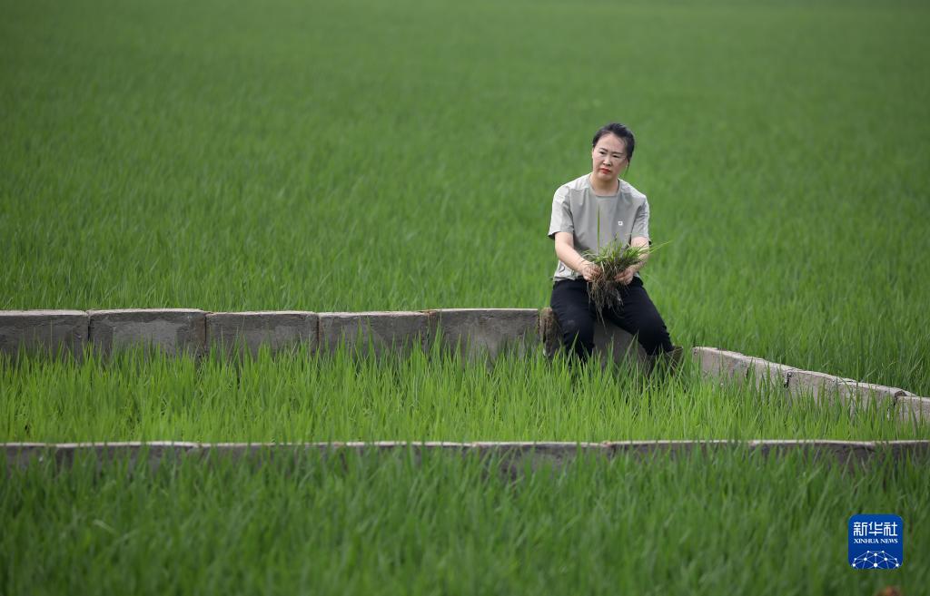 6月23日,高月在富家镇四台子村黑土地质量监测点查看水稻长势。
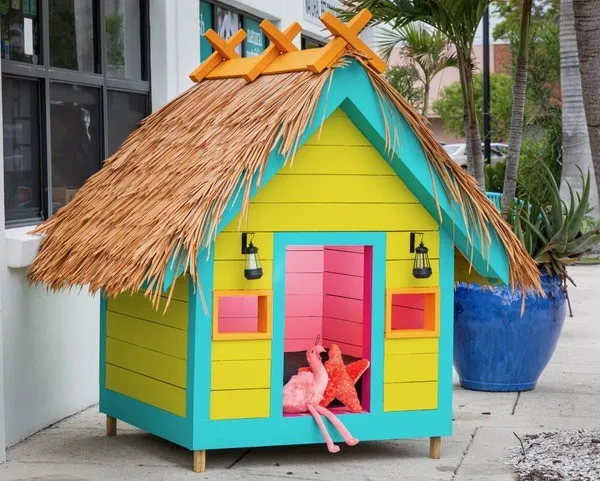 If you want to give your dog a special retreat, a beach hut-inspired dog house is a fun and colorful option. This design captures the essence of a seaside getaway with its bright colors and playful details.
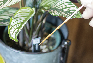 体見た目だけではわかりにくい土中の乾き具合。そんな時は竹串を土に適度な深さまで差し込み、抜いて湿った土がついていなければ、水やりのサインです。
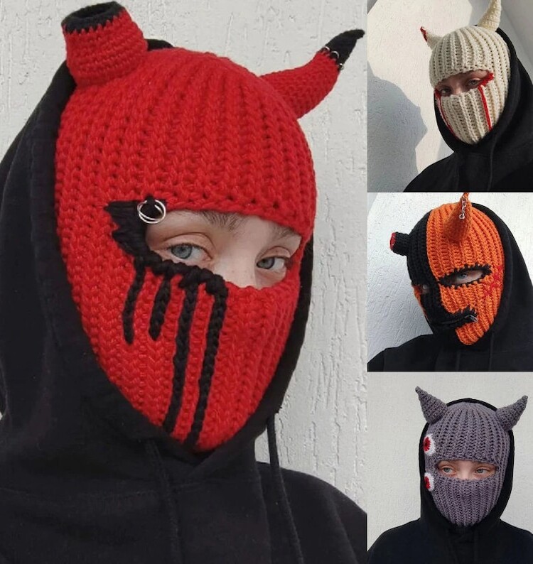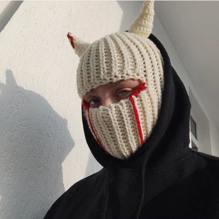 Забавный дьявол Маска Праздничная вечеринка с животным капюшоном осень и зимняя теплая вязаная шерстя

- - - -

What the exercise asks: None of the pictures should be reproduced; all other material above must be set down exactly.

Problem solution:
 6月23日,高月在富家镇四台子村黑土地质量监测点查看水稻长势。
 If you want to give your dog a special retreat, a beach hut-inspired dog house is a fun and colorful option. This design captures the essence of a seaside getaway with its bright colors and playful details.
 体見た目だけではわかりにくい土中の乾き具合。そんな時は竹串を土に適度な深さまで差し込み、抜いて湿った土がついていなければ、水やりのサインです。
 Забавный дьявол Маска Праздничная вечеринка с животным капюшоном осень и зимняя теплая вязаная шерстя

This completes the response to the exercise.